An electric switch has become known heretofore from German Published Non-Prosecution Application DOS 2,030,605 which operates according to the impression system by which the extinguishing gas flow is produced by means of a blast piston system mounted on the switch. In this regard, there are provided a fixed contact member having an inner channel of nozzle-like construction and a movable contact member. A cylindrical structure is mounted on the movable contact member, and is connected by means of a gas line to the extinguishing chamber space i.e. to the space wherein the extinguishing contact point is located. A piston structure engages in this cylinder space, and is, in principle, stationary or fixed with respect to the fixed contact member. During a switch-off action, the movable contact member, and the gas present within the cylinder structure is compressed by the fixed piston structure and rapidly fed through the gas line to the extinguishing contact point.
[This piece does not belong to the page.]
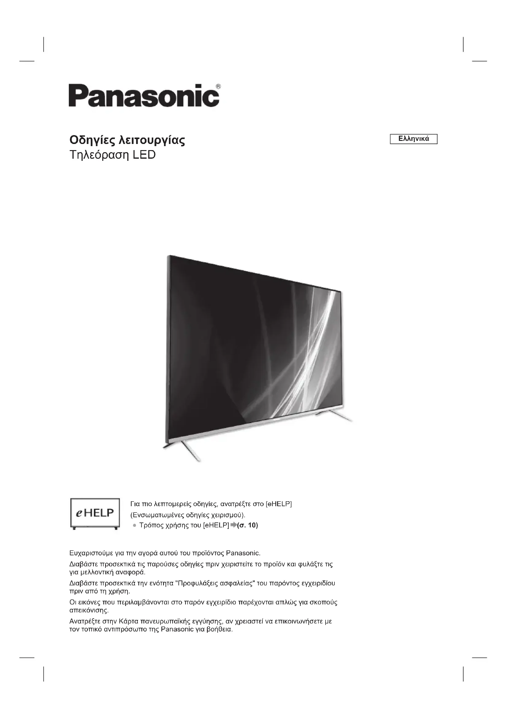 Με τη σωστή τους απόρριψη, θα βοηθήσετε στην εξοικονόμηση πολύτιμων πόρων και θα αποτρέψετε πιθανές αρνητικές συνέπειες στην ανθρώπινη υγεία και το περιβάλλον. Για περισσότερες πληροφορίες σχετικά με τη συλλογή και την ανακύκλωση, επικοινωνήστε με την τοπική δημοτική αρχή. Ενδέχεται να υπάρχουν κυρώσεις για την εσφαλμένη απόρριψη αυτών των αντικειμένων, σύμφωνα με τη νομοθεσία της χώρας σας. Σημείωση για το σύμβολο μπαταρίας (κάτω σύμβολο): Το σύμβολο μπορεί να χρησιμοποιηθεί σε συνδυασμό με ένα χημικό σύμβολο. Σε αυτήν την περίπτωση, συμμορφώνεται με την απαίτηση που ορίζεται στην Οδηγία για το σχετικό χημικό στοιχείο.Bruksanvisningar LED-TV Svenska Tack för att du köpt denna Panasonic-produkt. Läs igenom de här anvisningarna noggrant innan du använder produkten och behåll dem för framtida referens. Läs noggrant igenom avsnitten ”Säkerhetsföreskrifter” i den här handboken före användning. Bilderna som visas i den här handboken är endast i illustrativt syfte. Se det paneuropeiska garantikortet om du behöver kontakta din lokala Panasonic- återförsäljare för att få hjälp. Mer detaljerade instruktioner finns i [eHELP] (Inbyggda bruksanvisningar).

A fundamental problem occurring with such heretofore known electric switches is that not only the movable contact member, but also the cylinder structure must be driven simultaneously by the driving device. This occurs in the case of the aforedescribed heretofore-known switch because the movable contact member and the cylinder structure are connected one to the other so that they both move in the same sense and with equal acceleration. This is disadvantageous, however, as it has been found that to attain an optimum blowing, the movable contact member should be briefly stationary during a switch-off action into the so-called extinguishing position. This can be achieved with the aforedescribed heretofore-known switch only if the cylinder structure is also stationary. With regard to a good blowing action upon the arc, this is disadvantageous.
An electric switch has also become known heretofore that has two fixed, oppositely disposed contact members having inner channels of nozzle-like construction, which are embraced by a movable contact structure in switched-on position. Both contact members and the movable contact structure are in turn surrounded by a blast cylinder which serves to produce the extinguishing gas flow for blowing upon the electric arc. During the switch-off action, the blast cylinder connected to the movable contact structure is drawn over a stationary blast piston, and the gas imprisioned between both is compressed. The gas flow introduced after contact separation blows on the electric arc which extends initially between one of the two stationary contact members and the movable contact structure. The electric arc, at any rate, during the further course of the switch-off action, must be commutated to the second stationary contact member. It is in fact, in the last-mentioned, that the main disadvantage lies, since a commutation is always fraught with special problems. Furthermore, the pressure-tight guidance of the movable contact structure toward the one stationary contact member is also very problematical because of the tolerances that must thereby be maintained.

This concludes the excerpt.